Listening Well: Toward a Hermeneutics of Humility within Narrative Humanism
Saturday, October 14, 2023
1:15 PM – 2:30 PM ET
Location: Essex C (Fourth Floor)
In The Limits of Critique, Rita Felski challenges the supremacy of “suspicious reading,” noting that such a tactic often casts critics as the “heroic detective,” a figure who, as if from on high, uncovers clandestine secrets and parcels out blame. Felski’s approach echoes that of Eve Sedgwick who makes a similar argument in “Paranoid Reading and Reparative Reading.” Sedgwick, however, centers her analogy in medical terminology (the critic as surgeon, anesthesiologist, master inoculator), arguing that these self-images become particularly harmful when they engender a sense of righteous dominance. While Felski and Sedgwick’s invocation has received positive reception within literary studies, scholars have not yet explored the implications of such a practice within the health humanities. In this paper, I place Felski and Segwick’s correctives in conversation with narrative humanism, noting that a hermeneutic of suspicion may undermine the goals of narrative medicine, especially as scholars attempt to foster narrative competence and cultural humility among medical professionals.
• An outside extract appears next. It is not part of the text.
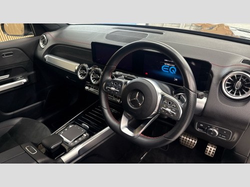 Mercedes-Benz Eqb EQB 300 4M 168kW AMG Line Premium 66.5kWh 5dr Auto Acoustic ambient protection, Active lane keeping assist, Active speed limit assist, Cruise control, DYNAMIC SELECT with a choice of driving modes (max range, ECO, comfort and sport), Easy-pack tailgate, EQ nav services - map(range dis),dis charging stations,program of charging set/pre entry climate control incl remote retrival of charging status/range, Hard-disk navigation, MBUX augmented reality for navigation, Mercedes Benz emergency call system, Mercedes me connect, PAS, Service indicator, Smartphone integration, Trip computer, Wireless charging system for mobile devices, 100KW DC onboard charger, 11KW onboard charger, Charging cable for wall box and public charging station - Type 2(mode 3) 5m, Combined charging system CCS-2 connector, Comfort suspension, Advanced sound system with 10 speakers and a total system output of 225 watts, DAB Digital radio, MBUX multimedia system with widescreen cockpit (2X10" displays with touchpad), Aluminium rubber studs, AMG Line bodystyling including AMG front apron with integrated air curtain and AMG rear apron with diffusor optics, Black panel radiator grille with twin blade design in chrome, Body colour bumpers, Electric adjustable door mirrors, Electric front windows, Electric rear windows, Electrically operated panoramic glass sunroof, Front and rear LED light band, Front fog lights, Heat insulating dark tinted glass, LED daytime running lights, LED High performance headlamps with adaptive highbeam assist, LED third brake light, Polished aluminium roof rails, Rain sensor windscreen wipers, Rear side wing doors, Rear wiper, Surround lighting with projection of brand logo, 2 Individual seats in 3rd row, 3 seat bench in 2nd row, 3 spoke multifunction sports flat bottom steering wheel in nappa leather with galvanised shift paddles, 40:20:40 split folding rear seats, Ambient lighting with choice of 64 colour settings, ARTICO man-made leather / MICROCUT microfibre upholstery, Double Cupholder, Front and rear head restraints, Heated front seats, Illuminated door sills with EQB lettering, Reach and rake adjustable steering column, Rear armrest with storage + through load, Roof lining - Black fabric, Single front passenger seat, Sports seats, Stainless steel sports pedals, Stowage compartment with retractable cover, THERMOTRONIC automatic climate control, Velour floor mats with AMG lettering, Interior light package - EQB, Keyless go comfort package - EQB, Mirror package - EQB, Parking package with reversing camera - EQB, Seat comfort pack - EQB, Stowage package - EQB, 3 rear seatbelts, 6 airbags - Driver, front passenger, curtain and side airbags, ABS, Active brake assist, Electric child locks, ESP, Isofix child seat anchor points on outer rear seats, Knee bags, Radar-based recuperation, Guard 360 degree vehicle protection, Remote central locking, Black open pore linden wood trim, 19" AMG 5 twin spoke light alloy wheels, Summer tyres, Tirefit

As an alternative, I outline a hermeneutic of humility, connecting this hermeneutic to three important aspects of narrative medicine: 1. A decentralization of actant as the arbiter of meaning, 2. an emphasis on careful listening before diagnosis, and 3. a deep distrust of simple narratives and easy answers. As narrative medicine faculty seek to emphasize a humanistic approach to medicine, literary intervention filtered through a hermeneutic of humility could prove a fruitful facilitative conduit, equipping medical professionals to humbly engage with and patiently untangle the complex, non-linear narrative lives of the patients they serve.